Proteins in the final stages of chromatographic purification are
often recovered at low concentrations and require stabilization
in viscous buffers containing glycerol. Such purified protein
preparations are often concentrated by trichloroacetic acid (TCA)
precipitation to resolve the proteins by SDS-PAGE either in small amounts for analysis or in larger amounts for
obtaining amino acid sequence information. However, dilute proteins
in viscous solution may be difficult to concentrate by conventional
TCA precipitation. In this protocol, both TCA precipitation and
ultracentrifugation are used to concentrate the non-abundant proteins
in viscous solution.
MATERIALS AND SOLUTIONS
Buffer A (10 ml)
10 mM HEPES-KOH (pH 7.9) ---------------------- 0.1 ml of 100
mM HEPES-KOH Buffer
0.5 mM EDTA --------------------------------------- 10 ul of 0.5 M EDTA
1 mM DTT ------------------------------------------- 10 ul of
1 M DTT
10% Glycerol ----------------------------------------- 2 ml of
50% Glycerol
1 M KCl --------------------------------------------- 745 mg
Add distilled H2O to make a final volume of --------- 10 ml
100 mM HEPES-KOH Buffer (100 ml)
100 mM HEPES (potassium salt) ---------------------- 2.8 g
Add distilled H2O to make a final volume of ----------100 ml
Adjust pH to 7.9 with 0.1 M KOH.
Buffer B (10 ml)
125 mM Tris-HCl (pH 6.8) --------------------------- 1.25 ml of
1 M Tris-HCl
0.1% SDS -------------------------------------------- 0.1 ml of
10% SDS
100 mM DTT ----------------------------------------- 1 ml of 1 M DTT
0.004% Bromophenol blue ---------------------------- 8 ul of 5% BPB
Distilled H2O ------------------------------------------ 7.642 ml
PROCEDURES
Desalting Proteins
1. Desalt proteins by injecting small sample volumes (< 2 ml)
with an HPLC syringe or to pump large volumes of salt solutions
containing small quantities of protein directly onto a reversed-phase HPLC column by using an auxiliary pump.

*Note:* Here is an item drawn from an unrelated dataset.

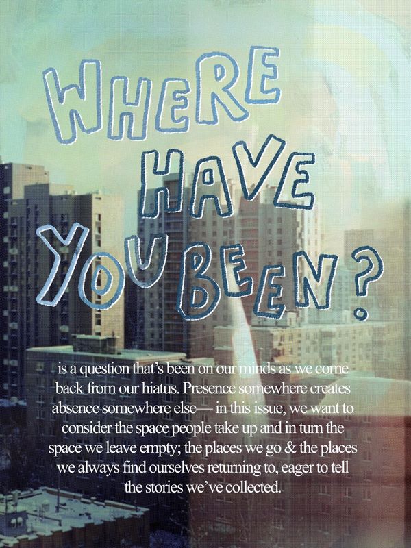 Our current theme for Issue 14: Where Have You Been?

The salt concentration should be kept at 0.1 M when using large
volumes by diluting the solution with water if the initial concentration
is > 0.1 M. The salt is rapidly eluted from the column, and the
protein is retained. The protein can be eluted with 50% methanol
in water (v/v) and collected manually into a polypropylene tube.
The protein may also be desalted by dialysis or precipitation.

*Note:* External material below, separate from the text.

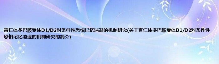 大家好,杏仁体多巴胺受体D1/D2对条件性恐惧记忆消退的机制研究,关于杏仁体多巴胺受体D1/D2对条件性恐惧记忆消退的机制研究的简介很多人还不知道,现在让我们一起来看看吧!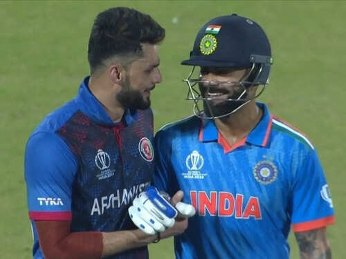 <p>In a heartwarming moment, Afghanistan's Naveen-Ul-Haq and India's Virat Kohli, who had a heated face-off during IPL earlier this year, were seen sharing pleasantries in Kohli's home ground. (PTI Photo) <br /></p>

Concentration of Dilute Proteins
2. Suspend Proteins at concentrations less than 10 ug/ml in 1
ml of Buffer A.
3. Add 135 ul of 100% TCA.
4. Incubate tube for 1 hour at 4oC.
5. Ultracentrifuge in a swing-bucket rotor at 187,000g for 1-16
h at 4oC to precipitate the proteins. Use thick-wall polyallomer tubes.
6. Wash the protein pellet with 75% acetone at -20oC.

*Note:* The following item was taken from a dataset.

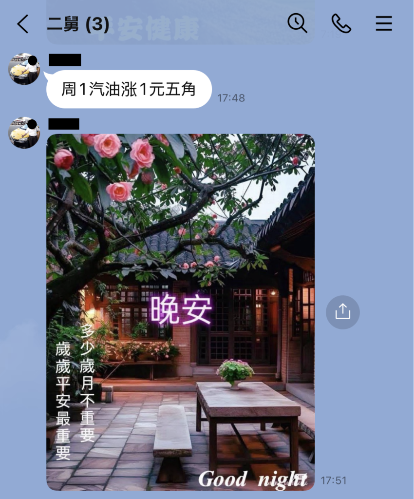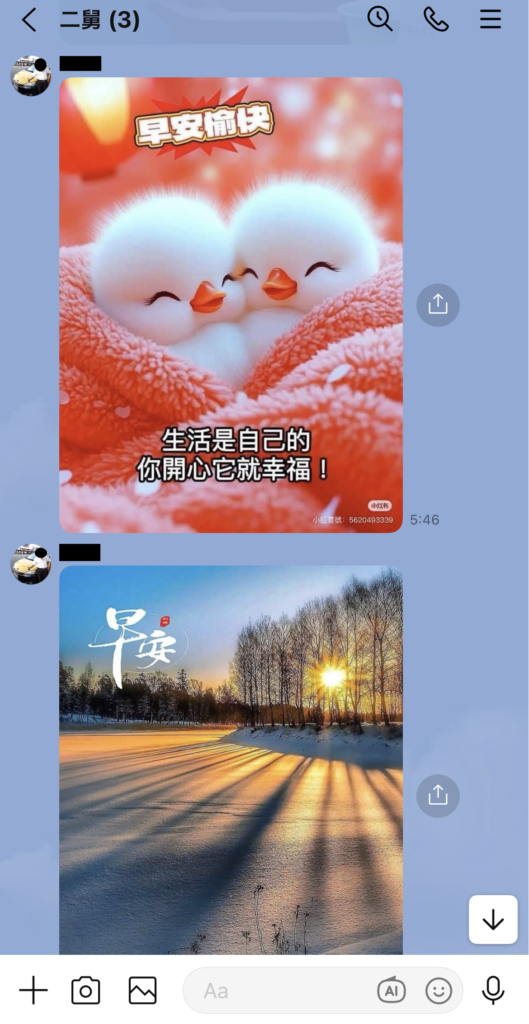 友人や親せき同士で朝晩のあいさつの画像を送り合っているようなので、その画像が転送されて私たちのグループLINEにも送られてくるのでしょう。

7. Air dry protein pellets briefly.
8. Resuspend protein pellet in 100 ul of Buffer B by incubating
for 20 min at 60oC and then for 5 min at 100oC.
NOTES
KIT INFORMATION
REFERENCES
Bosserhoff A, Wallach J, Frank R (1989) Micropreparative separation
of peptides derived from sodium dodecyl sulfate-solubilized proteins.
J. Chromatogr. 473: 71-77.
Mahuran D, Clernents P, Carrelia M, Strasberg PM (1983) A high
recovery method for concentrating microgram quantities of protein
from large volumes of solution. Anal. Biochem. 129: 513-516.